‎Kwarcab Aceh Singkil Kukuhkan Gudep STAISAR sebagai Kawah Candradimuka Pemimpin Masa Depan

Berita, Pendidikan423 Dilihat

Aceh Singkil kompas1.id –
Gerakan Pramuka di Kabupaten Aceh Singkil, memasuki babak baru, dalam pengembangan karakter di level akademisi.

Ketua Kwartir Cabang (Kwarcab) Gerakan Pramuka Aceh Singkil, H. Hamzah Sulaiman, SH, yang juga menjabat sebagai Wakil Bupati Aceh Singkil, secara resmi mengukuhkan Gugus Depan (Gudep) Sekolah Tinggi Agama Islam Syekh Abdur Rauf (STAISAR) Aceh Singkil, Senin (04/05/2026).

‎Bertempat di Aula Kampus STAISAR, prosesi pengukuhan yang dimulai pukul 09.00 WIB ini berlangsung khidmat.

‎Kehadiran pimpinan tertinggi Kwarcab tersebut menjadi simbol dukungan penuh pemerintah daerah terhadap integrasi nilai-nilai kepramukaan ke dalam kurikulum pembinaan mahasiswa di perguruan tinggi.

‎Dalam arahannya, H. Hamzah Sulaiman SH., menegaskan bahwa pengukuhan ini bukan sekadar seremoni administratif, melainkan langkah strategis untuk mencetak intelektual yang tidak hanya cerdas secara akademik, tetapi juga tangguh secara mental.

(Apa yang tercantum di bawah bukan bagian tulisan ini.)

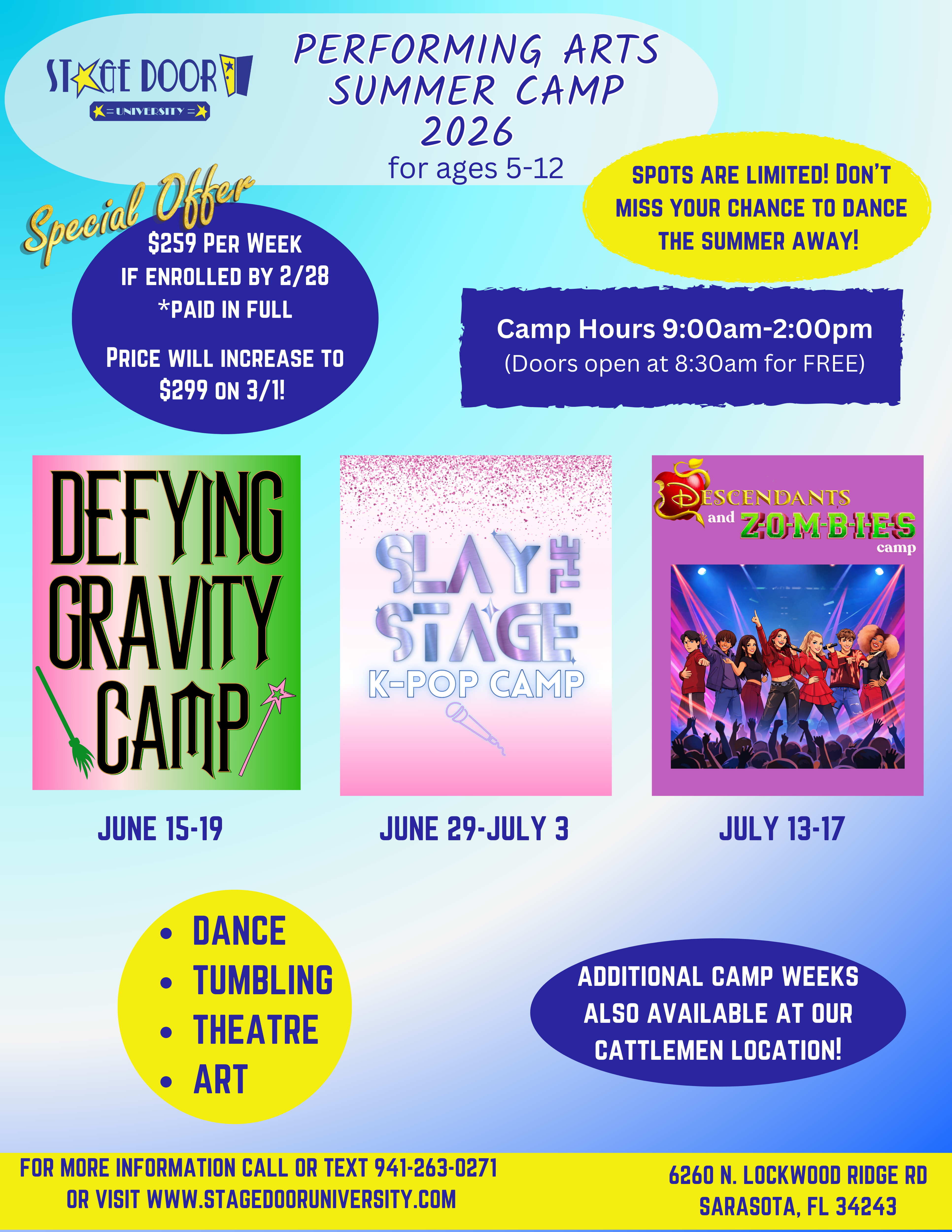 We are so very pleased with Stage Door Studios and their awesome instructors. The facility is beautiful and spacious with plenty of seating for parents/caregivers. There are so many different types of classes offered as well. Their summer camp program is phenomenal and definitely a great value for all the activities they provide. We love the staff and they treat my daughter with such kindness and patience.
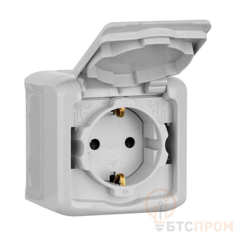 Розетка 1-м ОП Quteo 16А с защ. крышкой защ. шторки с заземл. IP44 сер. Leg 782351 представляет собой электроустановочный механизм одноместной розетки. Изготовлен из пластика, квадратной формы, со стороной, равной 70 мм, белого цвета. Предусмотрены защитные шторки, автоматически закрывающие гнезда розетки при вынутой вилке, и крышка. Монтируется на глубину 57 мм, на поверхность стены.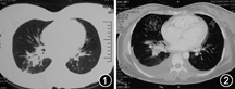 患者女,32岁。已婚,汉族,护士。因发热伴胸闷、气急1周于2013年1月10日以"肺炎"收入院。患者于2012年12月8日顺产一女。产后第10天出现一次发热,体温39℃,静脉滴注美洛西林钠(4 g,2次/d)3 d后热退。入院一周前再次出现畏寒发热,体温最高40℃,伴有咽痛,咳嗽、咳少许白痰,胸闷气急,再次静脉滴注美洛西林钠(4 g,2次/d)治疗2 d未见缓解。后至当地医院住院,胸部CT:右下肺炎症,右侧胸腔积液(图1)。静脉滴注哌拉西林/他唑巴坦(4.5 g,1次/8 h)、莫西沙星(0.4 g,1次/d)治疗3 d,体温无明显下降,2013年1月8日起静脉推注甲泼尼龙(40 mg,2次/d),静脉滴注丁胺卡那(0.4 g,1次/d),口服乙胺丁醇片(0.75 g,1次/d),治疗2 d后体温波动在37.5~38.0℃。病程中患者胸闷气急进行性加重。既往体健,2年前流产一次。否认慢性病及传染病史。无吸烟、饮酒嗜好。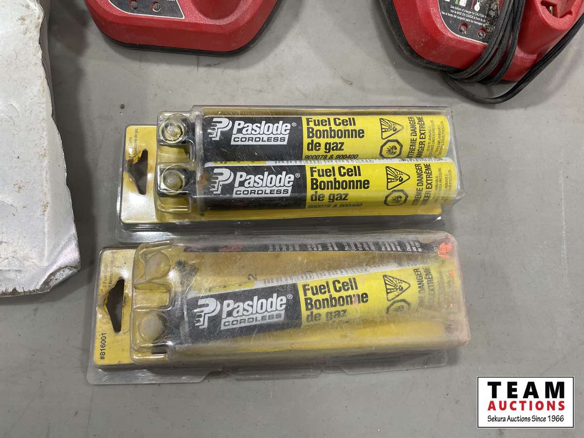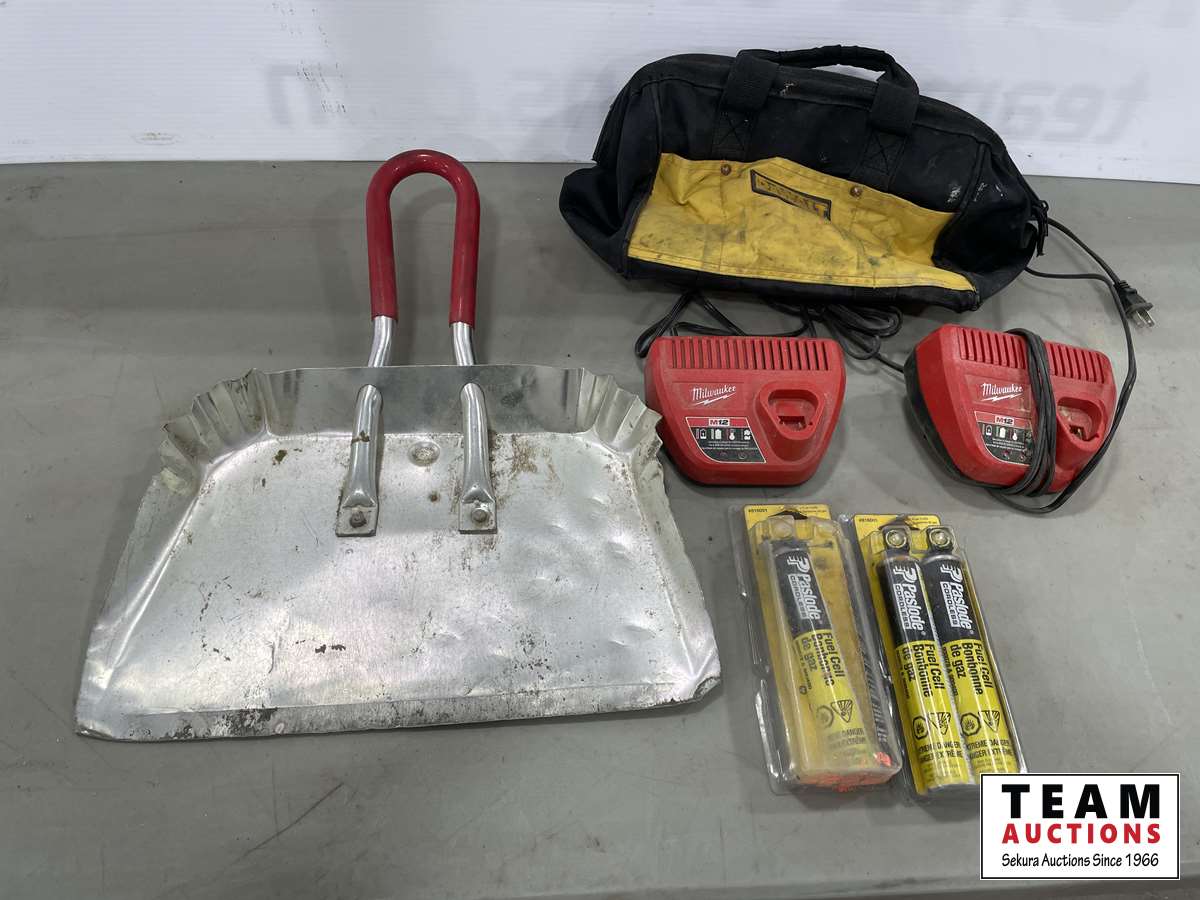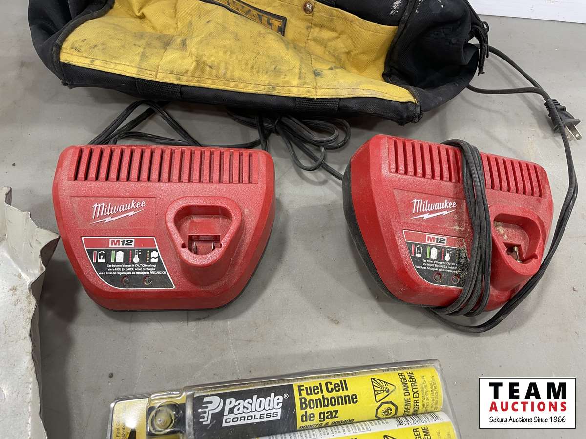 Milwaukee chargers, Dust pan, Paslode fuel cells, DeWalt bag

‎“Pramuka di perguruan tinggi adalah instrumen vital dalam membentuk pribadi mahasiswa yang disiplin, mandiri, dan berakhlak mulia. Kita ingin lulusan STAISAR menjadi kader pemimpin yang memiliki integritas tinggi dan kepekaan sosial yang nyata di tengah masyarakat,” ujar Kakwarcab dalam sambutannya.


‎Pengukuhan ini membawa misi besar yang dirangkum dalam tiga pilar utama pengembangan:

‎1. Transformasi Kelembagaan: Memperkuat legalitas dan struktur Gerakan Pramuka di tingkat institusi pendidikan tinggi agar lebih lincah dalam berakselerasi.

‎2. Aktivasi Semangat Kepanduan: Mendorong mahasiswa untuk beralih dari kegiatan pasif ke arah aksi nyata yang positif, inovatif, dan membangun melalui wadah Pramuka Pandega.

‎3. Laboratorium Kepemimpinan:
‎Menjadikan Gudep sebagai tempat penempaan karakter (kawah candradimuka) agar lahir pemimpin masa depan yang berpegang teguh pada Kode Kehormatan Pramuka.

‎Langkah STAISAR ini mendapat apresiasi luas dari berbagai pemangku kepentingan. Dengan diresmikannya Gudep ini, STAISAR kini memiliki payung hukum formal untuk menyelenggarakan kegiatan kepramukaan yang lebih terukur dan berstandar nasional.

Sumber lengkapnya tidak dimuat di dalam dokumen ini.